August 04, 2006
Don't Forget Giant Scorpions and Jan-Michael Vincent
Dave Walker: “when the world ends, the only things left will be cockroaches, rats, Keith Richards, and mangled text that has been escaped one-too-many or one-too-few times.”
(It's getting close to two years now since I posted about CLiki's HTML-handling bug.)
Posted by jjwiseman at August 04, 2006 12:26 PM
Dave Walker posted that. Not Dave Winer.
That's the sort of quote which is really funny when you've been there, and incomprehensible if you haven't.

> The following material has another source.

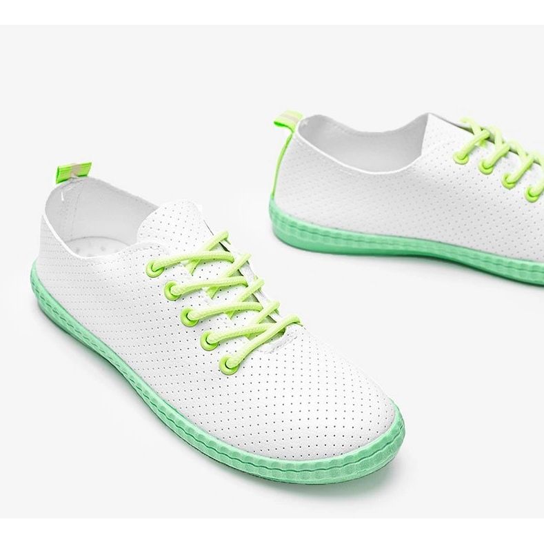 Neon green accents provide a beautiful contrast to the white color, creating a fashionable set that attracts attention. The DD1825A-12 model is characterized by a comfortable, round toe and low height, which makes them ideal for everyday styling. The rubber sole provides good grip and comfort of wearing, and the material of the fabric insole guarantees comfort throughout the day.

I have encountered these sorts of bugs more often than I can count. Typically, the fundamental problem is that people forget the "type" of a piece of content when encapsulating it in a wrapper of some sort (think HTML embedded within an XML wrapper). With respect to all the XML-based content floating around, you have to ask whether a piece of content is allowed to be markup, or not? I had this trouble on my company's corporate web site the other day. We have press releases that are stored in a DB. The releases are allowed to use HTML tags to enhance the presentation. We have an interface that allows you to enter/edit a press release within a web form. Of course, there was a bug that an ampersand couldn't make a round trip through the edit cycle because something wasn't being escaped correctly. In the case of *displaying* a press release, the correct thing is to take the content and pour it into the HTML template, unescaped because you want the content tags to merge with the template. In the case of the *editing* interface, you need to escape the release text because isn't actual content at that point, it's just text data.